Some scholars, including Peter Hogg, have suggested that references to the Supreme Court of Canada in sections 41 and 42 are ineffective. They argue that these references are 'anticipatory' and will only become effective if Parliament adds the Supreme Court Act to the list in s. 52(2).

Others scholars, including Professor Cheffins, have argued that the Supreme Court Act is implied as entrenched into s. 52(2) because of sections 41 and 42. S. 52(2) uses the words "includes..." to define the Constitution of Canada, suggesting that the provision does not contain an exhaustive list.

The Supreme Court itself has confirmed in New Brunswick Broadcasting Co. v. Nova Scotia (Speaker of the House of Assembly), 1 S.C.R. 319 that s. 52(2) is not exhaustive but has not yet ruled on whether the Supreme Court Act itself is included.

This issue has important implications for judicial selection in Canada. S. 4(2) of the Supreme Court Act specifies that the Governor in Council (federal cabinet) has the power to appoint judges to the Supreme Court. Prime Minister Harper has announced that a new reformed selection process will be developed. If the new process will bind the federal government, it would necessarily involve an amendment to s. 4(2) of the Supreme Court Act. If the Act is constitutionalized, this would require a constitutional amendment under the general amendment procedure -- a significant hurdle requiring provincial cooperation. If the Act is not constitutionalized, Parliament could simply amend the legislation by a majority vote.

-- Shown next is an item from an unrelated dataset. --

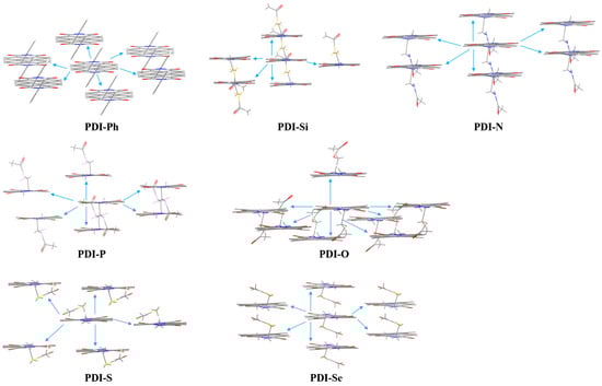 As listed in Table 2, kelectrons in PDI-Si, PDI-N, PDI-P, PDI-S, and PDI-Se have the same order of magnitude (1013 s−1) as that of PDI-Ph, while PDI-O has an even greater kelectron (1.58 × 1014 s−1), suggesting largely improved electron transfer ability of PDI-O. Correspondingly, high values of μelectron (0.57~5.94 cm2 V−1 s−1) were found in the new PDIs, in the order of PDI-O > PDI-S > PDI-Se > PDI-P > PDI-N > PDI-Si. Excitingly, increased electron mobility was observed in PDI-O (5.94 cm2 V−1 s−1), PDI-S (3.52 cm2 V−1 s−1), and PDI-Se (3.06 cm2 V−1 s−1) compared to PDI-Ph (2.18 cm2 V−1 s−1). The varying electron mobility of these materials was mainly ascribed to the variation of reorganization energy, transfer integral, and centroid-to-centroid distance between adjacent molecules in the main pathway of electron transfer, which was strongly influenced by frontier molecular orbitals and crystal structure. The values of hole mobility (μhole) indicate that most of the designed molecules also have good hole transportation performance, as shown in Table S5. The results suggest that the introduction of heteroatom-modified functional groups—especially the introduction of oxygen, sulfur, and selenium—with methyl in PDIs, to form asymmetrical geometries, has a great impact on the refinement of electron transfer properties.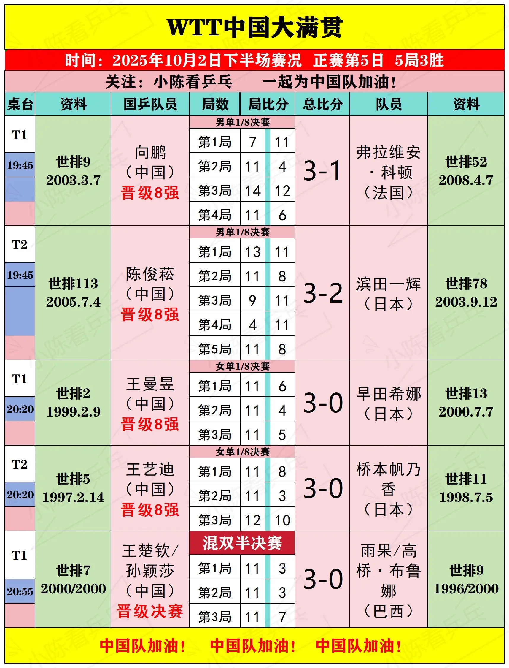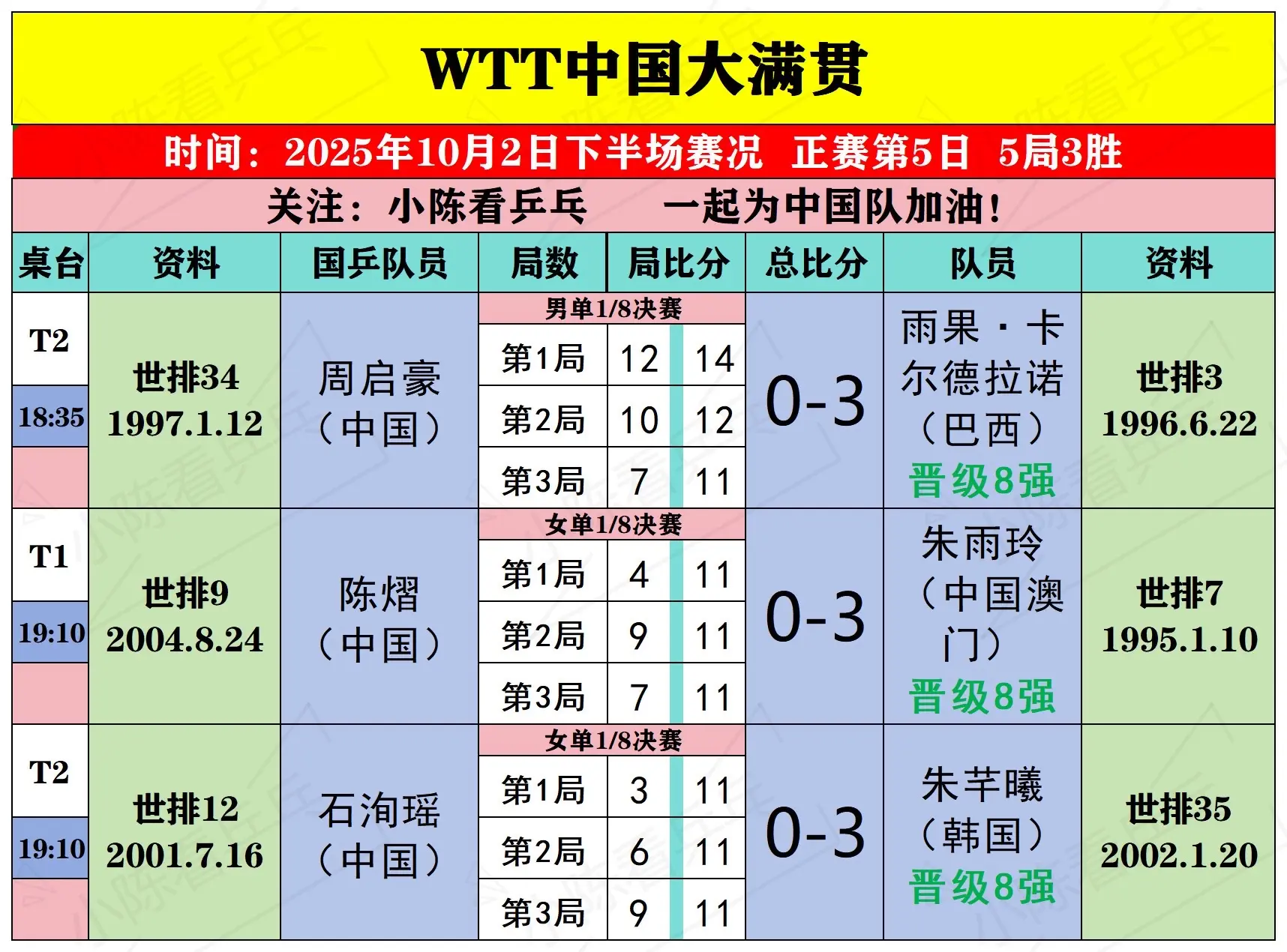 WTT中国大满贯10月2日下半场比赛结果。WTT中国大满贯10月2日下...

This issue arose again in connection with private member's Bill C-232, passed by the House of Commons in March, 2010. The bill would have amended the Supreme Court Act to require all future appointees to the court to be able to understand both French and English without the assistance of an interpreter. If the Supreme Court Act is considered part of the constitution, these changes would have required a constitutional amendment but Bill C-323 died on the table when parliament was dissolved for the May election.